Repeat the data verbatim, images excluded.

* **Given material**:
━━━━━━━━━━

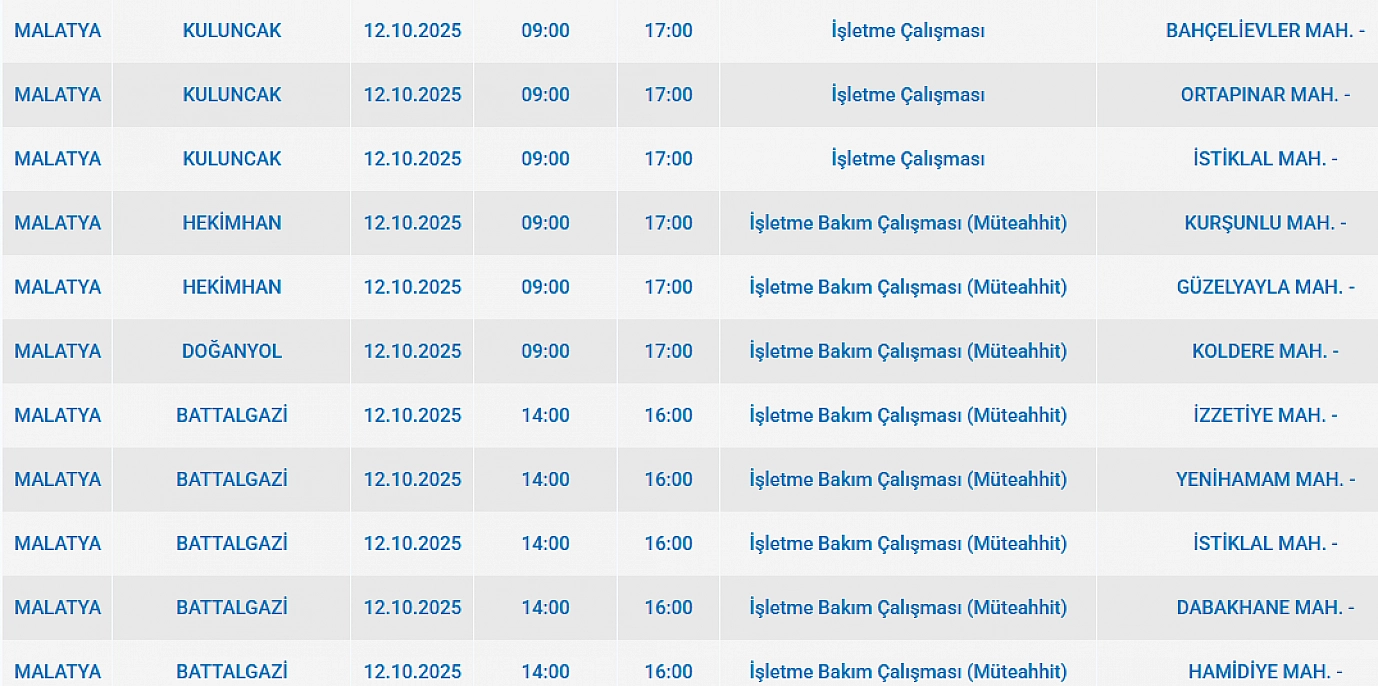 - Malatya'da 12 Ekim'de planlı elektrik kesintisi: Kesinti hangi ilçelerde, saat kaçta olacak?
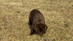 父外産チョコラブ”テディ”君の日本来日初子の子犬達です。骨格構成の良い色の濃い綺麗なチョコレートの男の子です。
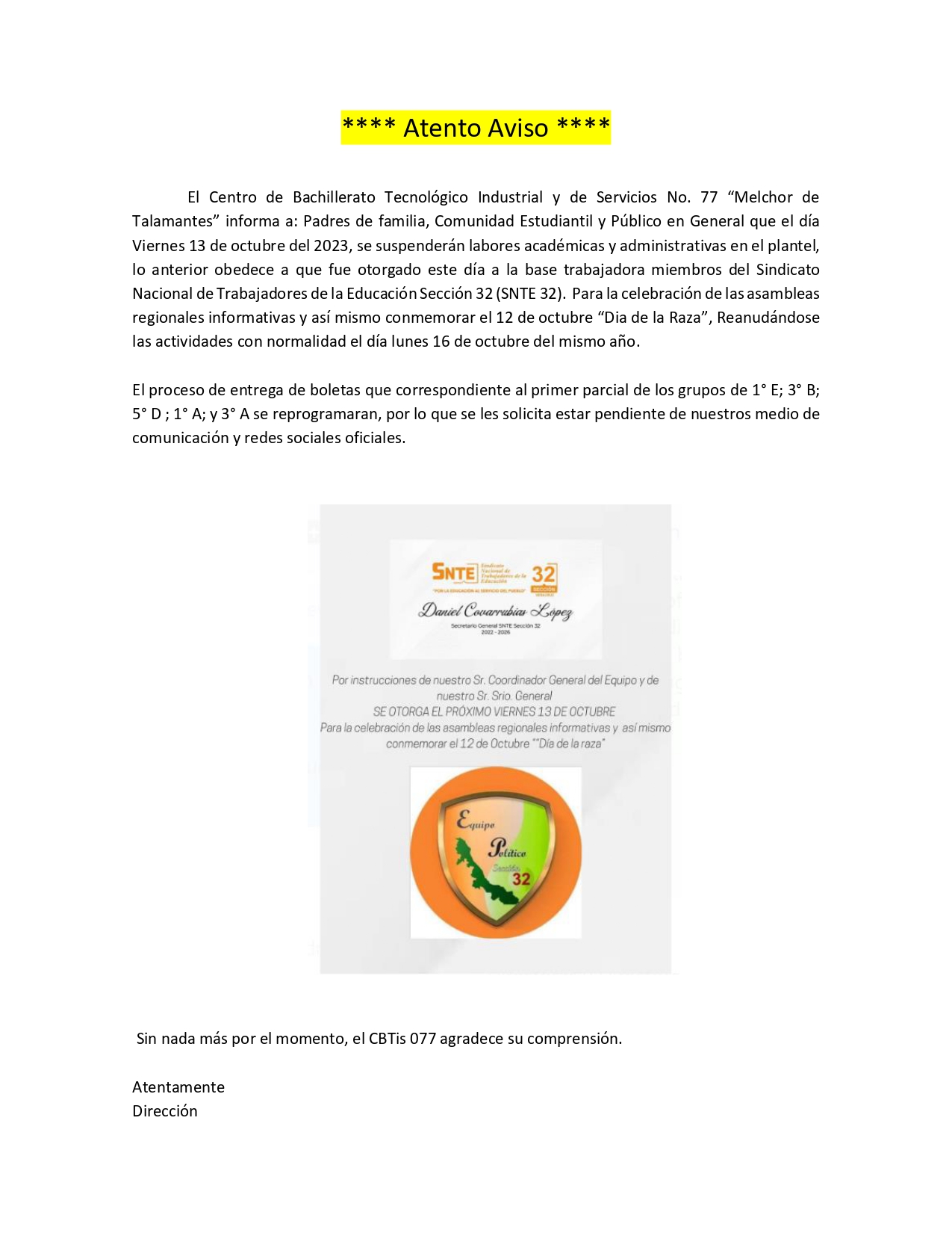 El Centro de Bachillerato Tecnológico Industrial y de Servicios No. 77 “Melchor de Talamantes” informa a: Padres de familia, Comunidad Estudiantil y Público en General que el día Viernes 13 de octubre del 2023, se suspenderán labores académicas y administrativas en el plantel, otorgado este día a la base trabajadora miembros del Sindicato Nacional de Trabajadores de la Educación Sección 32 (SNTE 32)
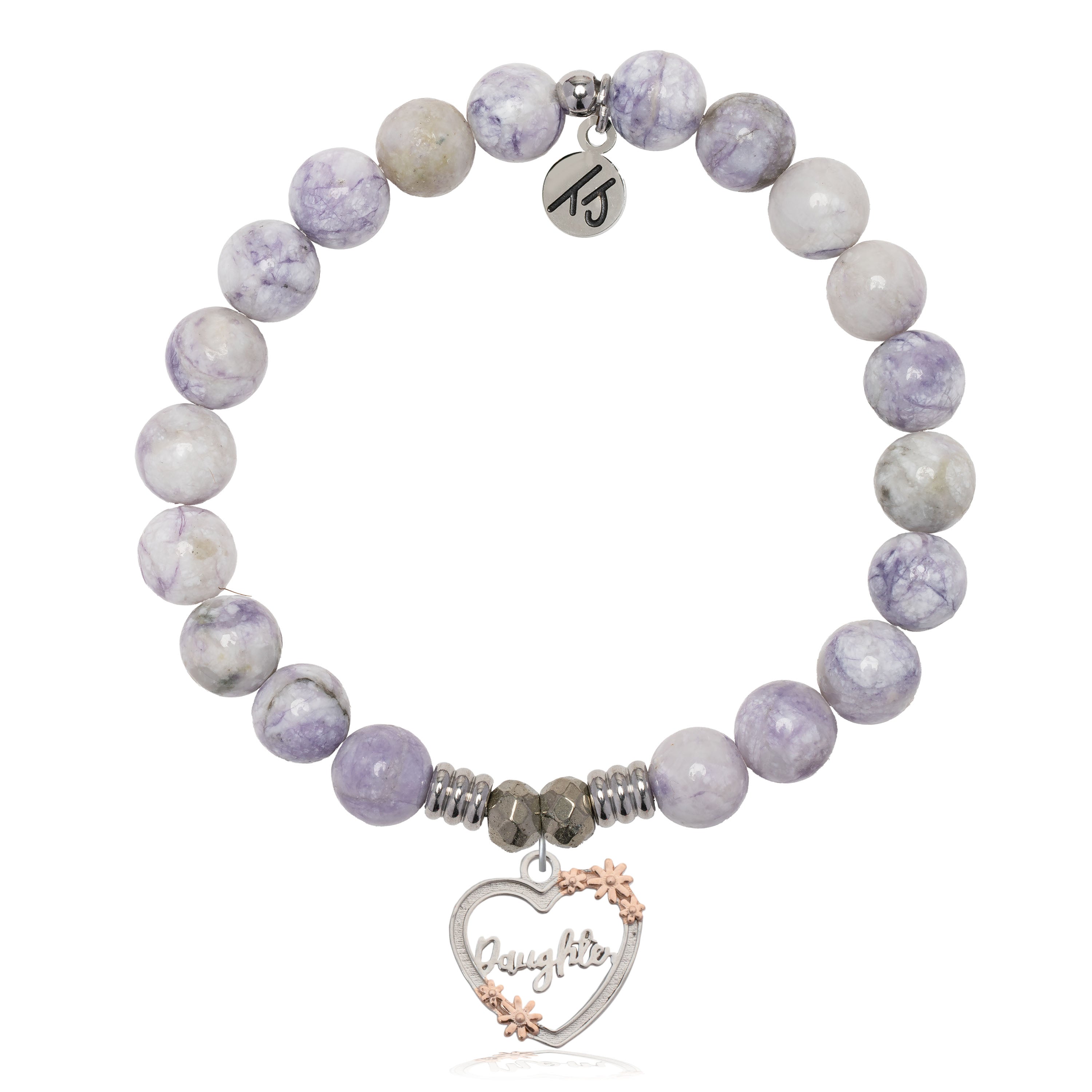 Purple Turquoise Gemstone Bracelet with Heart Daughter Sterling Silver Charm

━━━━━━━━━━

* **Answer to the exercise**:
 - Malatya'da 12 Ekim'de planlı elektrik kesintisi: Kesinti hangi ilçelerde, saat kaçta olacak?
 父外産チョコラブ”テディ”君の日本来日初子の子犬達です。骨格構成の良い色の濃い綺麗なチョコレートの男の子です。
 El Centro de Bachillerato Tecnológico Industrial y de Servicios No. 77 “Melchor de Talamantes” informa a: Padres de familia, Comunidad Estudiantil y Público en General que el día Viernes 13 de octubre del 2023, se suspenderán labores académicas y administrativas en el plantel, otorgado este día a la base trabajadora miembros del Sindicato Nacional de Trabajadores de la Educación Sección 32 (SNTE 32)
 Purple Turquoise Gemstone Bracelet with Heart Daughter Sterling Silver Charm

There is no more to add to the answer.